Mathematics - Calculus

First, "power" is not appropriate in this situation. I think a better parameter is "kinetic energy". A gun can give a projectile a fixed amount of kinetic energy, so heavier projectiles will travel more slowly than lighter projectiles. The formula for kinetic energy is E = ms2/2, so the initial speed is this:

    s0 = sqrt( 2E/m )
    m is the weight (actually mass) of the projectile 
Next, the initial direction of travel, given an angle, is this:
    D0 = [ cos(angle), sin(angle) ] 
Now with the initial speed and initial direction, you have the initial velocity vector:
    V0 = s * D0 = [ s*cos(angle), s*sin(angle) ] 
Finally, ignoring wind and air resistance, the position of the projectile at any time is given by this formula:

    P = P0 + V0t + Agt2/2

    P0 is the initial position
    Ag is acceleration due to gravity [0, -9.8 ] 
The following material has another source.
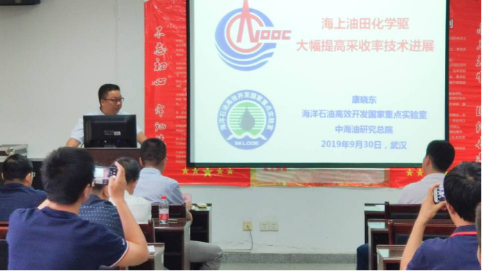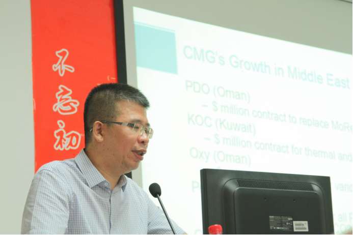 会中,员工刘大宝、康晓东于石油科技大楼C201分别就《CMG化学驱数值模拟》、《海上油田化学驱大幅提高采收率进展和探索》为主题向在座领导及学子进行学术报告。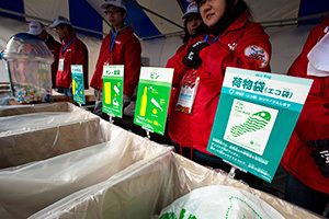 エコ・フレンドシップ活動メンバーが主となって、行った大会会場内資源分別のほか、エコ・フレンドシップ商品メンバーによる運営の乗り物や商品による環境負荷軽減、大会プログラムの印刷電力の一部をグリーン電力で対応するなどの取組みを行っています。

Now, dealing with air resistance and wind makes this much more complicated (if done accurately). You can simplify things by ignoring air resistance and treating wind as horizontal force. Since, f = ma, and thus a = f/m, you can treat wind as a simple acceleration that is included in the equation. The acceleration due to wind is this:

    Aw = [ fw/m, 0 ] 
The final equation looks like this:

    P = P0 + V0t + (Ag + Aw)t2/2 

So, given the energy of the gun (E), the position of the gun (P0), the angle of the gun (angle), the mass of the projectile (m), and the force of the wind (fw), you can calculate the position of the projectile with the above equation.